What you need to do :: All lines below starting at the one that holds "Amaranta Velvet Mary" and ending at the one that holds "쉽고 가격이 저렴해짐." should be printed exactly, ends included. Pictures should not be printed, nor anything else.

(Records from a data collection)
────────────────

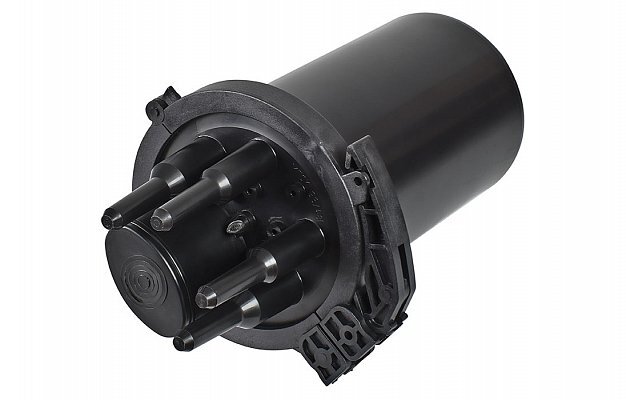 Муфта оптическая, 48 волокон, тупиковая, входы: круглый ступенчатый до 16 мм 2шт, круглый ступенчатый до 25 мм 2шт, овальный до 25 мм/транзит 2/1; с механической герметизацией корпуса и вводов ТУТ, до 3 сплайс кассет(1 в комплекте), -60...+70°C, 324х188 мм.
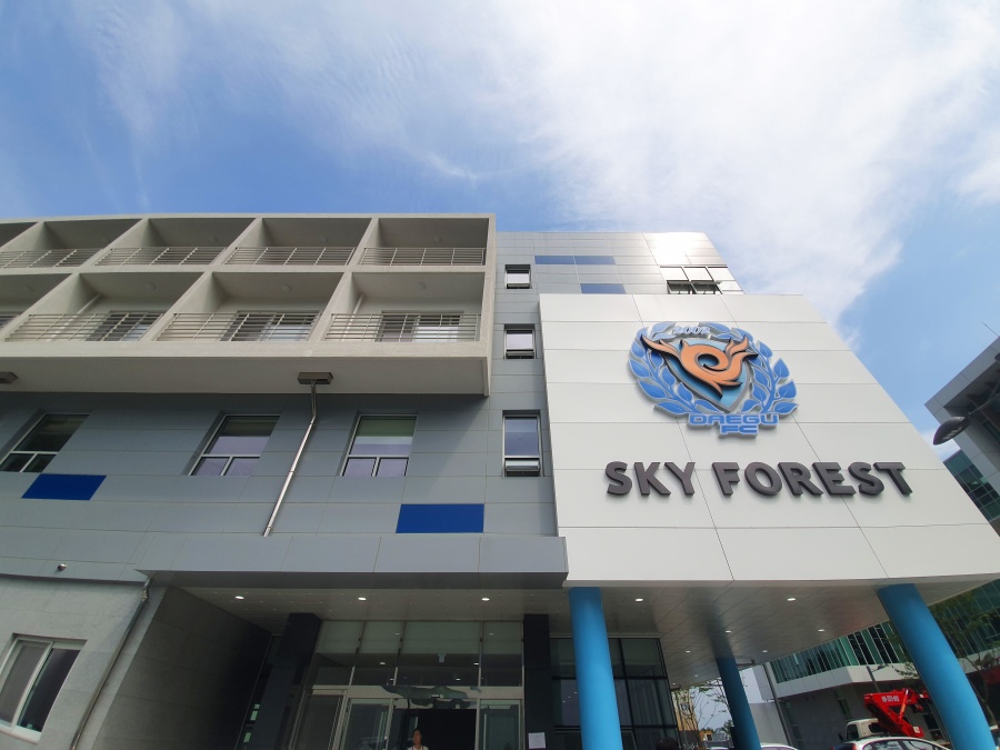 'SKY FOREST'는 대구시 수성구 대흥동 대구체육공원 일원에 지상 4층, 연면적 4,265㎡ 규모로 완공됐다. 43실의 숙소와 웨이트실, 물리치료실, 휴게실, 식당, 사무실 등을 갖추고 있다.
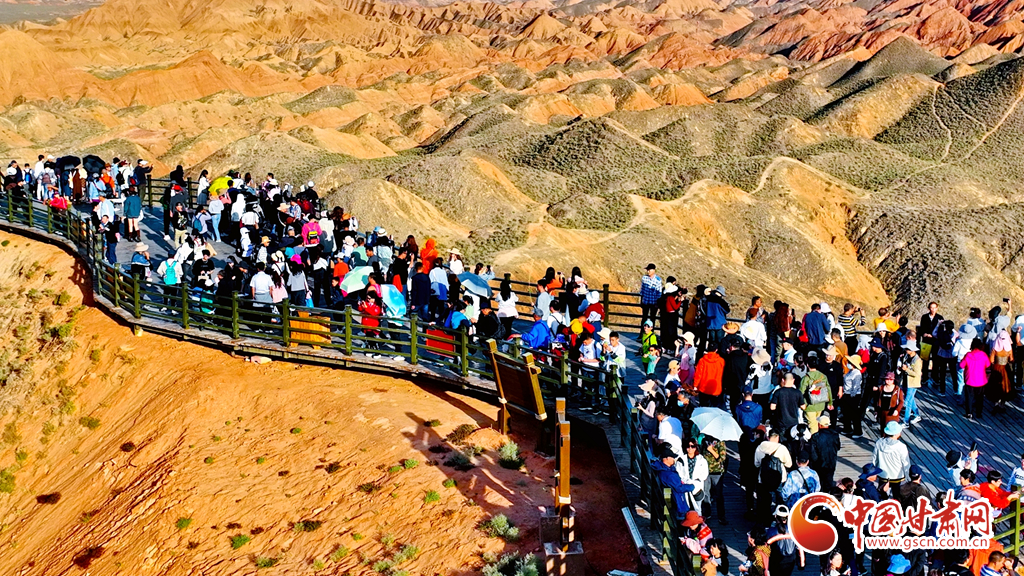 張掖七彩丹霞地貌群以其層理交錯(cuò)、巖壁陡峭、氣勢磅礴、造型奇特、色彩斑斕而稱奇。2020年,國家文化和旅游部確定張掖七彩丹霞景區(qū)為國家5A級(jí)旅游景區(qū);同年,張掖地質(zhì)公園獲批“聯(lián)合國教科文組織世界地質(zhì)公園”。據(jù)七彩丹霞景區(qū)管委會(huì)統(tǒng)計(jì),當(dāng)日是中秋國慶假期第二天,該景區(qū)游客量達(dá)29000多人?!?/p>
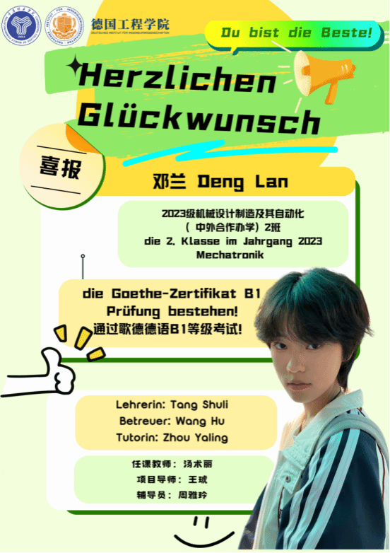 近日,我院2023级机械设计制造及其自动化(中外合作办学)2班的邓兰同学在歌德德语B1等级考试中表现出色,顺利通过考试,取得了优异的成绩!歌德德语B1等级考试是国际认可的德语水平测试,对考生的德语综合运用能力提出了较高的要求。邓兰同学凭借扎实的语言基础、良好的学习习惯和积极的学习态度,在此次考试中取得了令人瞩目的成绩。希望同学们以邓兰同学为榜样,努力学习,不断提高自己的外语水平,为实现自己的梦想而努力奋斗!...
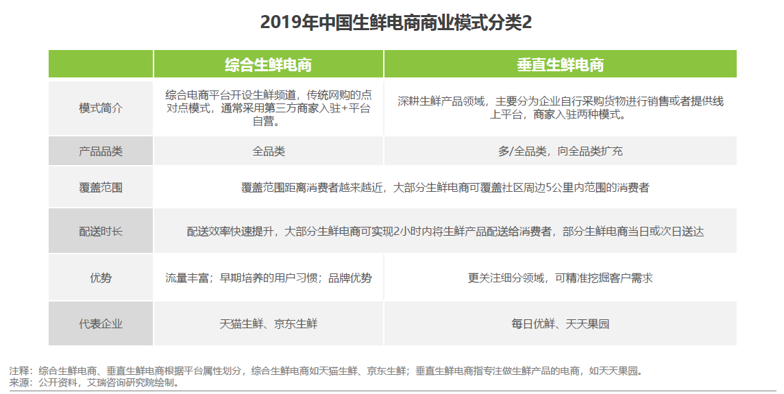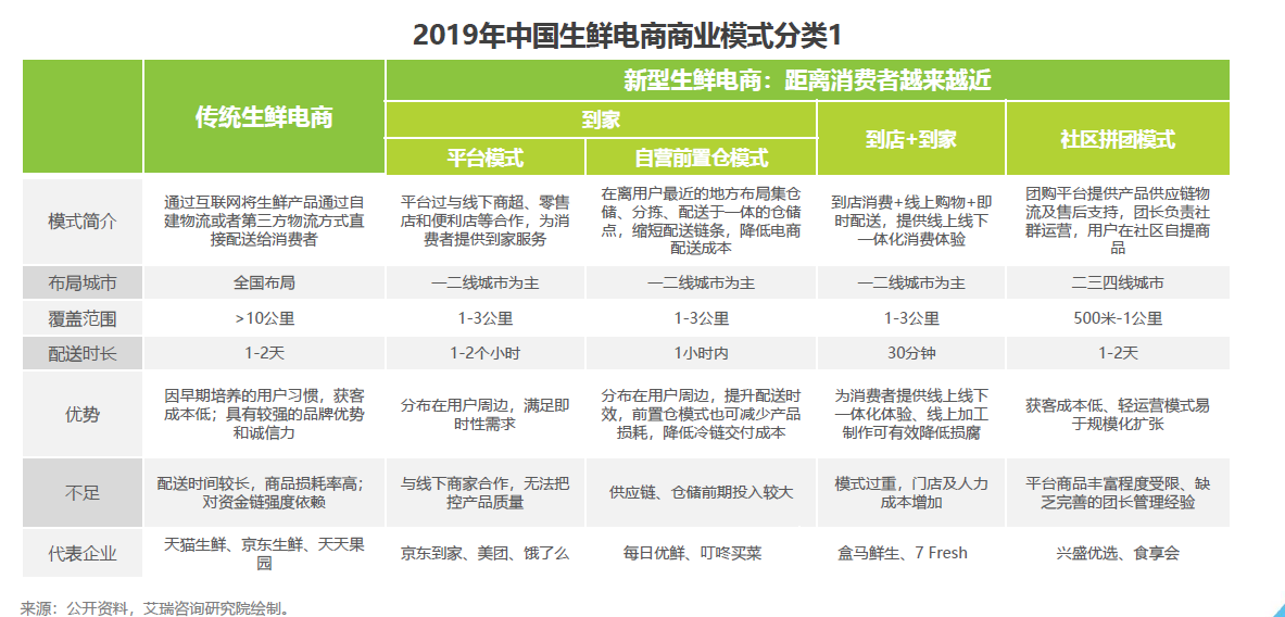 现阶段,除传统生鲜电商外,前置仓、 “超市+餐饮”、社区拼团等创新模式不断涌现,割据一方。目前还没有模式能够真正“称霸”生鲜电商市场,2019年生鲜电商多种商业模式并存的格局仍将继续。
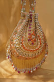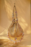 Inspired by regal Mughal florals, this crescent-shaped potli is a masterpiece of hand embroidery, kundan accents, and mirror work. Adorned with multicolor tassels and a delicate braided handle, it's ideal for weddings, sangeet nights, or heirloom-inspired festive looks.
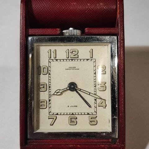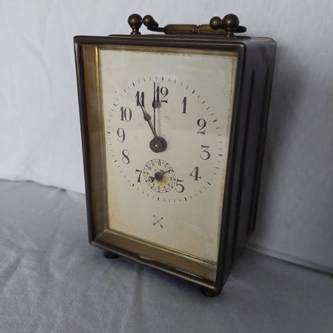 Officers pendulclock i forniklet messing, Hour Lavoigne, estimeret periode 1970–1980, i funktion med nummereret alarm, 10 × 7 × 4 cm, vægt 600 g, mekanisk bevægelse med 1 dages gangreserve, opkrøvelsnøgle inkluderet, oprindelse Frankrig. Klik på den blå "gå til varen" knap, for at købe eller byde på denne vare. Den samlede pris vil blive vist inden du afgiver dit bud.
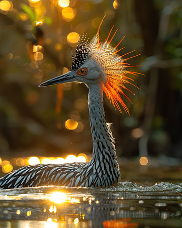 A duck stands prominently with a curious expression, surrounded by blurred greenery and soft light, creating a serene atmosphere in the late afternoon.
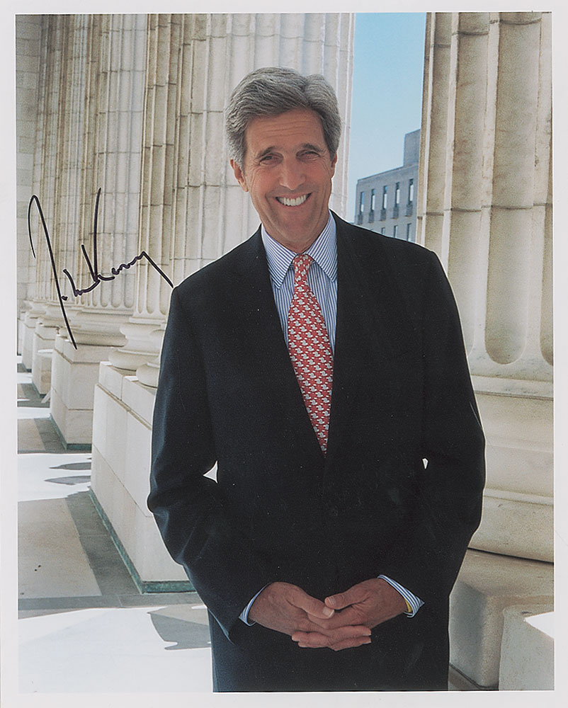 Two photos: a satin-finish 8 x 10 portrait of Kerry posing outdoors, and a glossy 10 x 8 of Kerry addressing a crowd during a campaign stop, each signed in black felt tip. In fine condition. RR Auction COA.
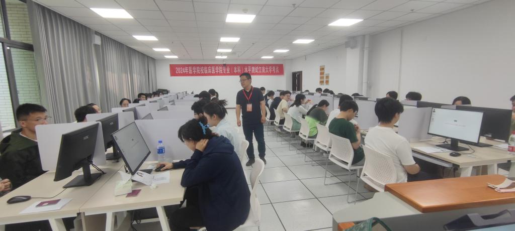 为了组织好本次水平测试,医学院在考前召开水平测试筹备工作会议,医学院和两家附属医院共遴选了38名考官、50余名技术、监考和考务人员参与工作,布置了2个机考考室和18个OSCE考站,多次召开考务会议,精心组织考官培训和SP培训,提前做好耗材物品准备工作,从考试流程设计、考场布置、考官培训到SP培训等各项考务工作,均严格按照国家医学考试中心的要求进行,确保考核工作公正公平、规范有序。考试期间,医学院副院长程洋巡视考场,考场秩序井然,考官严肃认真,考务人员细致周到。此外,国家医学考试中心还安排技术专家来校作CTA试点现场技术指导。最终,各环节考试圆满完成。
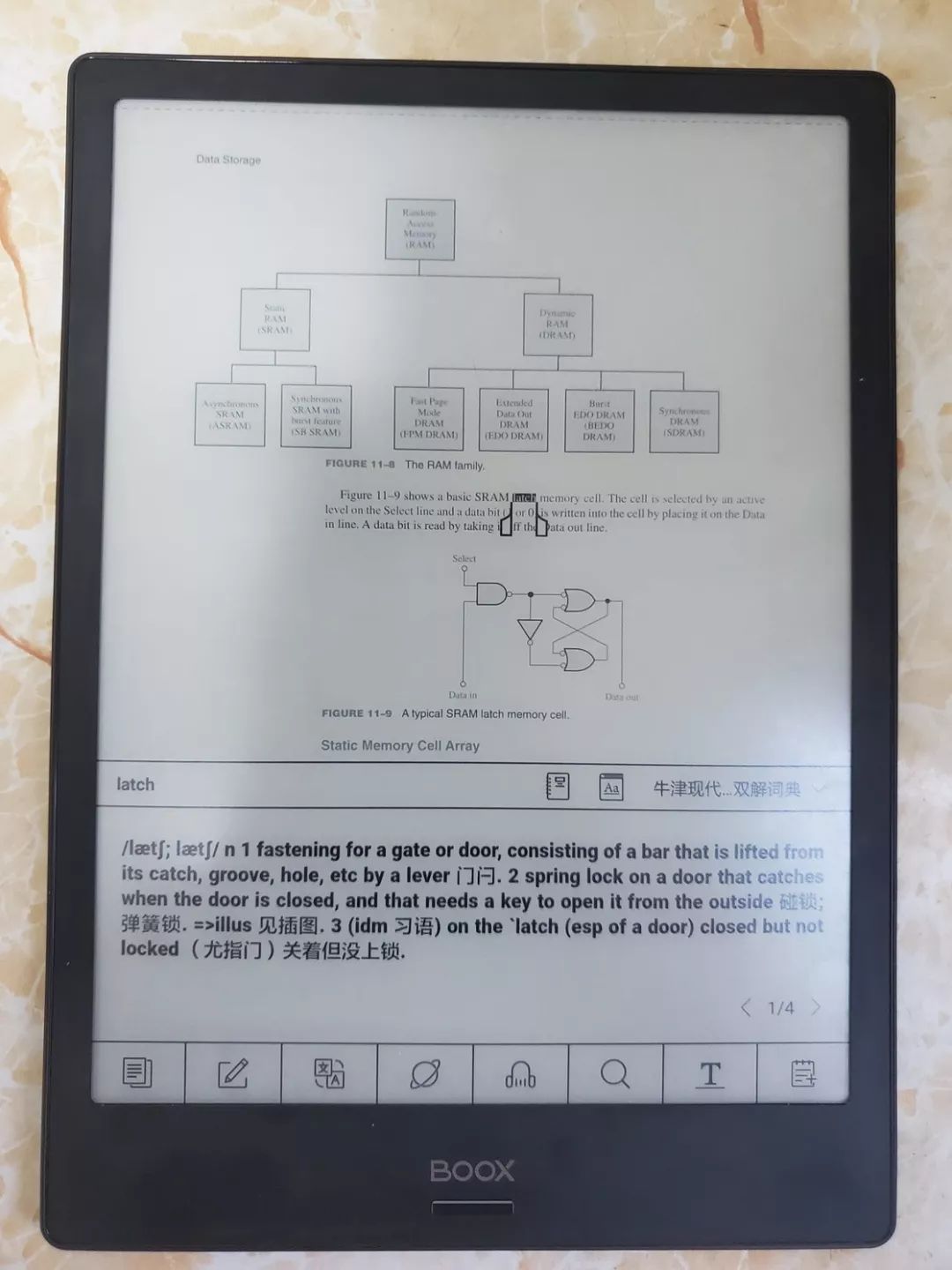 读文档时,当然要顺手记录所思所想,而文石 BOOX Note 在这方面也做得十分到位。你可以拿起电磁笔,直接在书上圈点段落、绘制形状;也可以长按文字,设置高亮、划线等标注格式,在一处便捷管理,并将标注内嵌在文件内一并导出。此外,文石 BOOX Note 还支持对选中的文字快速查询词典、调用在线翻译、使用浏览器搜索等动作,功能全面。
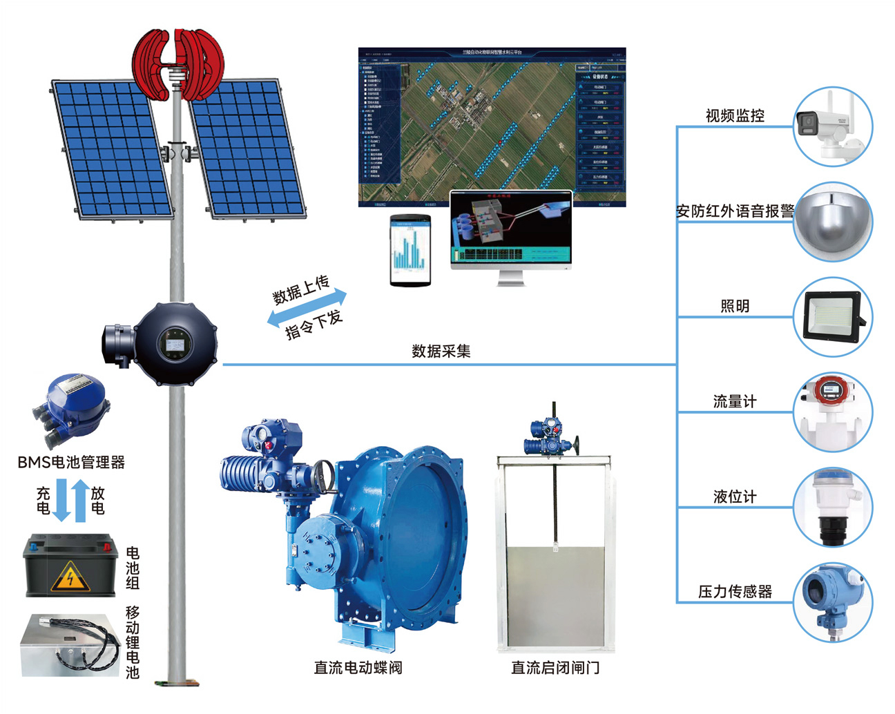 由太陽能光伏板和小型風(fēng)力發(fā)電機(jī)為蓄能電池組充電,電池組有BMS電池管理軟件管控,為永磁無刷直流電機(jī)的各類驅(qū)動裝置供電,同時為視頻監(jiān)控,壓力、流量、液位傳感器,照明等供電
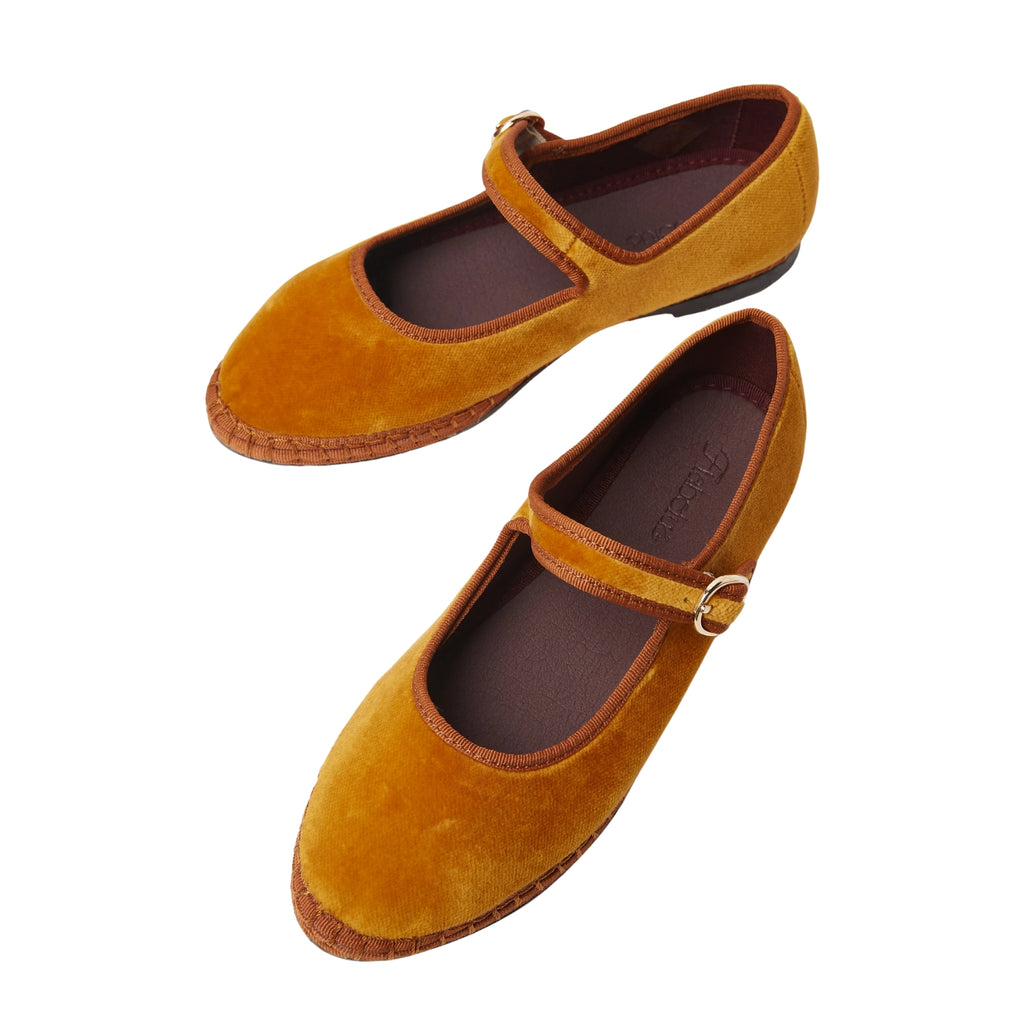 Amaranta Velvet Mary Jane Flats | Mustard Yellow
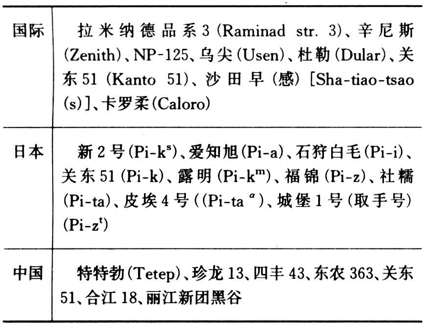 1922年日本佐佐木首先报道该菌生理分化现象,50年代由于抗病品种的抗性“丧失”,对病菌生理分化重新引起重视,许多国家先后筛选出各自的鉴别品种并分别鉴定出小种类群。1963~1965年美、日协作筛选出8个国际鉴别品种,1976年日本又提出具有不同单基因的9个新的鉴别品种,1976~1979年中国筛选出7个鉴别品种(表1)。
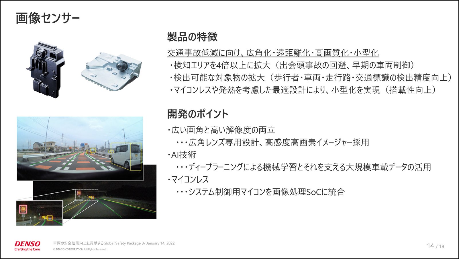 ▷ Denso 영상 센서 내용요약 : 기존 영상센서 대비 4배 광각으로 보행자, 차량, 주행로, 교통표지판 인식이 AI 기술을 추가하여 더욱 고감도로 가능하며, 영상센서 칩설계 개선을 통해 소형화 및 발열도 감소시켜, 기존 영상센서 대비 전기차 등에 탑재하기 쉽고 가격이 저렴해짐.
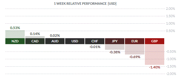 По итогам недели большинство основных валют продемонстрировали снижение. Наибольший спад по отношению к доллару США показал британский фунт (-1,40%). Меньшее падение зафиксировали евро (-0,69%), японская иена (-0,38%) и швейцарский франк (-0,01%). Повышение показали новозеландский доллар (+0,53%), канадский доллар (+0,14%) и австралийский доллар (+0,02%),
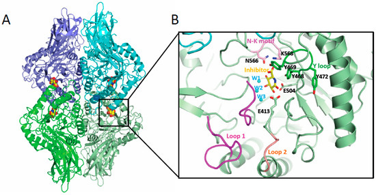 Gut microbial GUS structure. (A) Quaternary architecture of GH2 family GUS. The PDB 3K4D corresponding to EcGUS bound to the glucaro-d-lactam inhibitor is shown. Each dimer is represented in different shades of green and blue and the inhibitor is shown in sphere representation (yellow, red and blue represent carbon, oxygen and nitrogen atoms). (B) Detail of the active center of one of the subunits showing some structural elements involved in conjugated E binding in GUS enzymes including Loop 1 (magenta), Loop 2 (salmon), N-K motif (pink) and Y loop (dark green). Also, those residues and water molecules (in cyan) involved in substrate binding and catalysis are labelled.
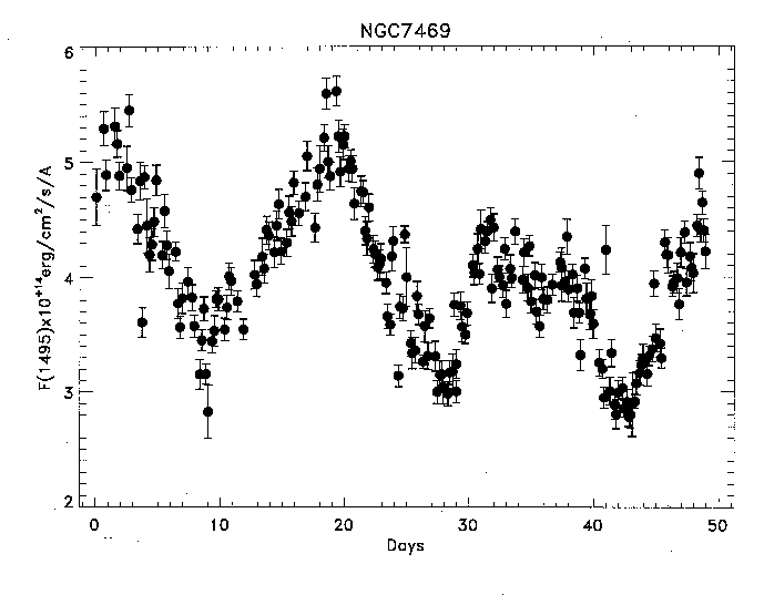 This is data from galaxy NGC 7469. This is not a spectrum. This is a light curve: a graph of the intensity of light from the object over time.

────────────────

Response ::
 Amaranta Velvet Mary Jane Flats | Mustard Yellow
 1922年日本佐佐木首先报道该菌生理分化现象,50年代由于抗病品种的抗性“丧失”,对病菌生理分化重新引起重视,许多国家先后筛选出各自的鉴别品种并分别鉴定出小种类群。1963~1965年美、日协作筛选出8个国际鉴别品种,1976年日本又提出具有不同单基因的9个新的鉴别品种,1976~1979年中国筛选出7个鉴别品种(表1)。
 ▷ Denso 영상 센서 내용요약 : 기존 영상센서 대비 4배 광각으로 보행자, 차량, 주행로, 교통표지판 인식이 AI 기술을 추가하여 더욱 고감도로 가능하며, 영상센서 칩설계 개선을 통해 소형화 및 발열도 감소시켜, 기존 영상센서 대비 전기차 등에 탑재하기 쉽고 가격이 저렴해짐.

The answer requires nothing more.